I guffaw. "They were so proud."

"Bringing our country even closer together by uniting our two gay sons," he says, mocking his papa's voice.

I do my best not to flinch. Not to remember what else Prime Minister Barnard said. Or how Léon never stuck around long enough for me to tell him.

His hand touches mine on the table. I look up at his sincere smile.

Snapsnapsnap .

I almost forgot about the cameras. This is just acting.

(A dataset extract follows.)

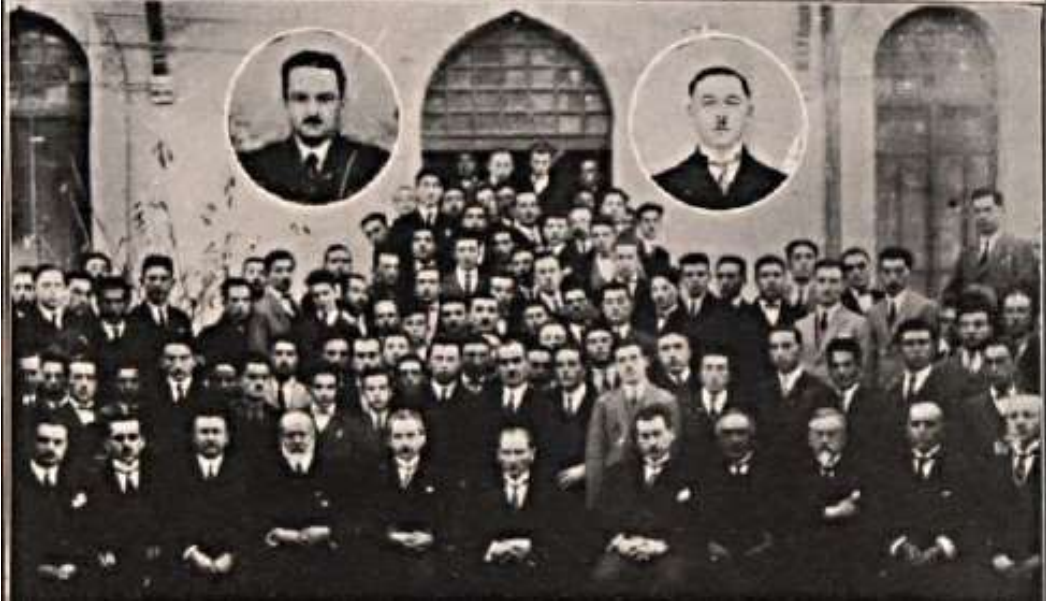
“Tedris Heyeti fahrî reisi büyük reisicumhurumuz Gazi Mustafa Kemal Paşa hazretleri resm-i küşâd günü profesörler ve talebe arasında”.

Right?

"They were clueless," he insists. "So are they."

With a practiced nonchalance, he shrugs a shoulder in the direction of the photographers.

"Instead of rushing home," he says, tapping my knuckles with his index finger, "maybe give yourself time to figure out who you are. LA's not Réverie. But it's decent."

A quiet laugh escapes my lips. "And then what?"

"Then…" He drags his hand away to lift his empty glass in a salute. "Pay for my lunch. A better hotel too. My services aren't free, Your Highness."

Cameras or not, there's definitely going to be some bloodshed between us before this is all over.